Pieter, does the machine that you're having problems powering off act as an NFS client?
I'll go ahead and grab this for now since it looks like it's an RPC/NFS problem of some sort (at least mine is).
gam_server looks like it's doing the last mntput() and that's causing the sb to get torn down. In the process, we're returning delegations, so the delegreturn thread was spawned. I think it's trying to do RPC calls, but since the network is down, they're not going to make it.
The part I'm not sure about -- did the gam_server process get signaled during the netfs shutdown? It seems like the umount should have had to wait until the process was actually dead.
This message is a reminder that Fedora 8 is nearing its end of life.
Approximately 30 (thirty) days from now Fedora will stop maintaining
and issuing updates for Fedora 8. It is Fedora's policy to close all
bug reports from releases that are no longer maintained. At that time
this bug will be closed as WONTFIX if it remains open with a Fedora
'version' of '8'.
Package Maintainer: If you wish for this bug to remain open because you
plan to fix it in a currently maintained version, simply change the 'version'
to a later Fedora version prior to Fedora 8's end of life.
Bug Reporter: Thank you for reporting this issue and we are sorry that
we may not be able to fix it before Fedora 8 is end of life. If you
would still like to see this bug fixed and are able to reproduce it
against a later version of Fedora please change the 'version' of this
bug to the applicable version.

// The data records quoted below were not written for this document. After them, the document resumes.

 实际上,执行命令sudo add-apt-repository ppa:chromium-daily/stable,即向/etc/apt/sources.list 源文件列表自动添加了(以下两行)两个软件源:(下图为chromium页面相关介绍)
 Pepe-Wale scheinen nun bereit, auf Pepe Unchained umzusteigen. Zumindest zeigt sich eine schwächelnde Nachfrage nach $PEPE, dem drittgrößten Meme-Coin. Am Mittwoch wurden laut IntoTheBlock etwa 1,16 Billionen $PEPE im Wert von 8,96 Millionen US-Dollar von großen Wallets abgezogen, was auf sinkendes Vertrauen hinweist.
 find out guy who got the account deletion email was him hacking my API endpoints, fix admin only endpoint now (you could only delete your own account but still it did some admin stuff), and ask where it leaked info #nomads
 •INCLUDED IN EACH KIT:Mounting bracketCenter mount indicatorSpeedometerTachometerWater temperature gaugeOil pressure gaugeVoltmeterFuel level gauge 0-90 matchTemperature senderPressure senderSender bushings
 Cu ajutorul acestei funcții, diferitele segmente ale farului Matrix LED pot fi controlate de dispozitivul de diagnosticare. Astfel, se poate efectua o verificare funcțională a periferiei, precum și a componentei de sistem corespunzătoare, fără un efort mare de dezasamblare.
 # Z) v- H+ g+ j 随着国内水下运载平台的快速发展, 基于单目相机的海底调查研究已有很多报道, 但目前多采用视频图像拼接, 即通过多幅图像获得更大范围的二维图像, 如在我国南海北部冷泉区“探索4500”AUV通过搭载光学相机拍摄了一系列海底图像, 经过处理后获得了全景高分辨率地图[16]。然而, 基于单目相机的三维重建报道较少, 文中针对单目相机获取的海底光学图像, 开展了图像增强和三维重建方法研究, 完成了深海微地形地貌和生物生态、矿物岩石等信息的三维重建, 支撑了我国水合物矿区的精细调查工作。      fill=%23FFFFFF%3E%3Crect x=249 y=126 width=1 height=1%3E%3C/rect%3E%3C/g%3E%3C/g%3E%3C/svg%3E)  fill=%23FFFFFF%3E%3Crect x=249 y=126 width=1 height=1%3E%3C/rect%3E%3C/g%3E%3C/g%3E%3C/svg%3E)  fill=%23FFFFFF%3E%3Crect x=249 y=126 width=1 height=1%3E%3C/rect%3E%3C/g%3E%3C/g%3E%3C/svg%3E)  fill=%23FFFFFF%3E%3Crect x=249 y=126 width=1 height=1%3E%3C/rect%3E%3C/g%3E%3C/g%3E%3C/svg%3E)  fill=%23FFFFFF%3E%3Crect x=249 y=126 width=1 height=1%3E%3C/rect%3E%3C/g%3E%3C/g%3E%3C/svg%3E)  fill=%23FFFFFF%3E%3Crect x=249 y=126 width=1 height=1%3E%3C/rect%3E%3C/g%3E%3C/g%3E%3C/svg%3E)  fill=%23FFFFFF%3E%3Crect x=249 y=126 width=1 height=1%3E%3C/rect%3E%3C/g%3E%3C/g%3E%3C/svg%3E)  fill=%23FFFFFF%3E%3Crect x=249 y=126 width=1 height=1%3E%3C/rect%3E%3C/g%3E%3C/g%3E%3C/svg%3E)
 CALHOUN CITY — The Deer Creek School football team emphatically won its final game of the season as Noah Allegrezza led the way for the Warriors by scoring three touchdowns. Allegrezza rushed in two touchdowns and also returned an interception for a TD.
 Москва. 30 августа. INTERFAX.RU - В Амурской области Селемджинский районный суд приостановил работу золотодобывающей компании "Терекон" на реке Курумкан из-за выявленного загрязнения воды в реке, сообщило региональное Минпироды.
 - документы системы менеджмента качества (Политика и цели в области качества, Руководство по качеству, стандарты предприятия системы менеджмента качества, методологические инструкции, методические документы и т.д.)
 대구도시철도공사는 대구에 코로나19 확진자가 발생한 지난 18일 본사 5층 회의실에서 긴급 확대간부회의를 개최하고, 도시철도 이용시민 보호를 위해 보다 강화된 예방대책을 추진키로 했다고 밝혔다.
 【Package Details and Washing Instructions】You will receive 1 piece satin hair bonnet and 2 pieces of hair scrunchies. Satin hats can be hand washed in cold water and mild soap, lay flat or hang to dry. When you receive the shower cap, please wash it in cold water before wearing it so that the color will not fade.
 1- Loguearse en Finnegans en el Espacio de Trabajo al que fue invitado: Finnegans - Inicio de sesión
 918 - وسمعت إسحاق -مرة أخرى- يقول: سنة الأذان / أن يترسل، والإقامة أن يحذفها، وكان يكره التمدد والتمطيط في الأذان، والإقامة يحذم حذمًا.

If you are unable to change the version,
please add a comment here and someone will do it for you.
Although we aim to fix as many bugs as possible during every release's
lifetime, sometimes those efforts are overtaken by events. Often a
more recent Fedora release includes newer upstream software that fixes
bugs or makes them obsolete.
The process we are following is described here:
Fedora 8 changed to end-of-life (EOL) status on 2009-01-07. Fedora 8 is
no longer maintained, which means that it will not receive any further
security or bug fix updates. As a result we are closing this bug.
If you can reproduce this bug against a currently maintained version of
Fedora please feel free to reopen this bug against that version.
Thank you for reporting this bug and we are sorry it could not be fixed.